The fun I have on roller coasters surprises some people because I'm afraid of heights. I mean really, truly, paralyzed-I'm-gonna-pee-my-pants-and-die-right-now scared of heights. One time, when our boys were little, we took a day trip to Serpent Mound in our home state of Ohio.
This amazing ancient site can best be seen from the observation tower. Here's the observation tower. It's about 190 feet off the ground (okay, it's probably more like 30 feet, but I'm just sayin').
See the lady on the platform? She isn't me. As we reached that platform I had a total panic attack and had to push people aside on their way up so that I could get back down. Embarrassed much? Oh yeah.
Then there was the time we went to Natural Bridge in Kentucky. I LOVE walking along nature trails. My happiest vacations have been spent in state parks walking in the woods.
One can actually walk across this bridge. There are no barricades. You just have to stay in the middle. My husband and sons strolled happily across. I practically crawled and cried with relief when I reached the other side.
I admit it. I'm a wuss. Except I like the roller coasters. With certain exceptions....

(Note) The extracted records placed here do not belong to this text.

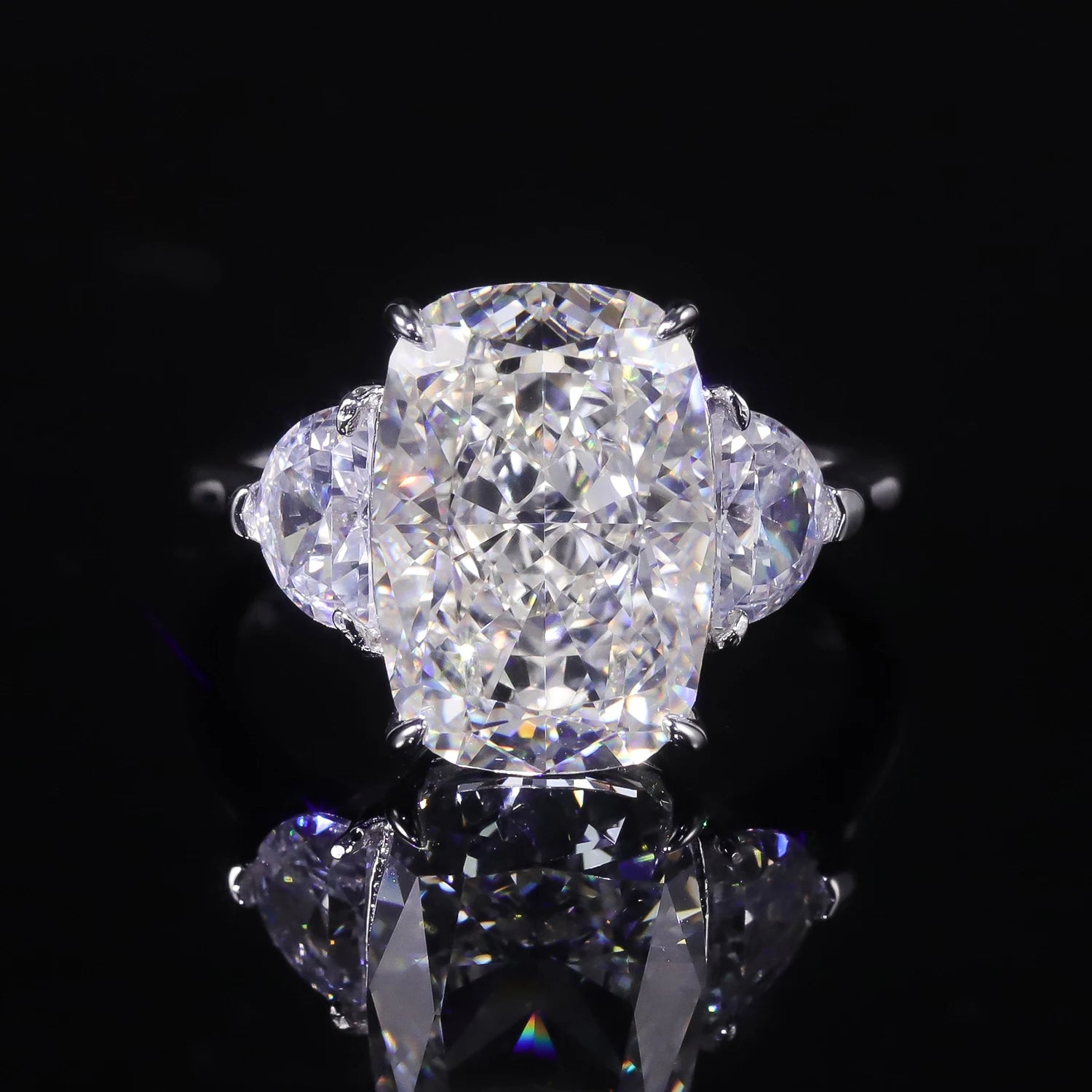 GEM'S BALLET Diamond-fire CZ- Fancy Light Yellow Three Stone Engagement Ring 925 Sterling Silver Statement Rings For Women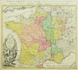 Jeunesse Norimb. 1741, avec Privil.Imp. Titrée dans un cartouche historié en bas à gauche jusqu’au centre « Regni Galliae seu Francia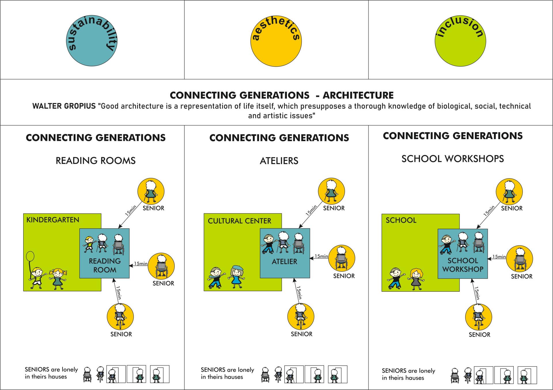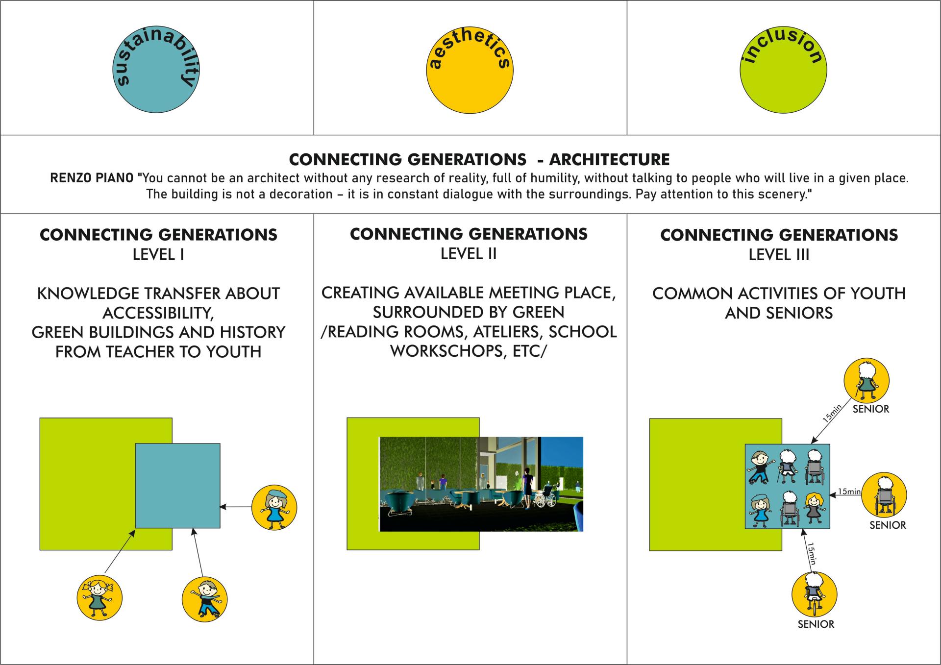 *Creating places for intergenerational spending time among greenery, surrounded by accessible architecture, close to home (about 15- 20 minutes from the place of residence), giving a new role to buildings in cities.

The roller coasters I go on cannot:
- Go backwards
- Have 3-D effects
- Go upside down
- Have any loops
- Have a line that lasts more than 30 minutes
- Have you stand instead of in a seat with that wonderful bar across your lap
I'm discovering that this divorce process is like riding one of those roller coasters that my stomach can't handle. Just when I think things are going one way, I'm flipped upside down, fear that my arm restraint is going to fly off, and there are scenes of animated terror throughout the entire ride. I may as well be on a lunar launch. Terra firma feels just that far away.
My goal is simply to survive the ride. I'm dizzy. My stomach goes from my toes to the top of my head. I want it to stop. I close my eyes, but that makes it worse. There are ugly things that I must see and acknowledge regardless of how desperately I want to look away.
Yet just as I am sure there is a loving God, I know this ride will end. I'll get off of it, shudder and cry, sit quietly as I get the nausea under control, and hug the ground. Oh! How I'm longing to get past this. Funnel cake anybody?
Faithfully yours,
Linda
1 comment:
Believe it or not, you put into words how I've been feeling for a few weeks now. Parallized by it things that I have no control over. You are in my prayers. You are a strong and faithful woman. God won't fail either of us! Hugs to you!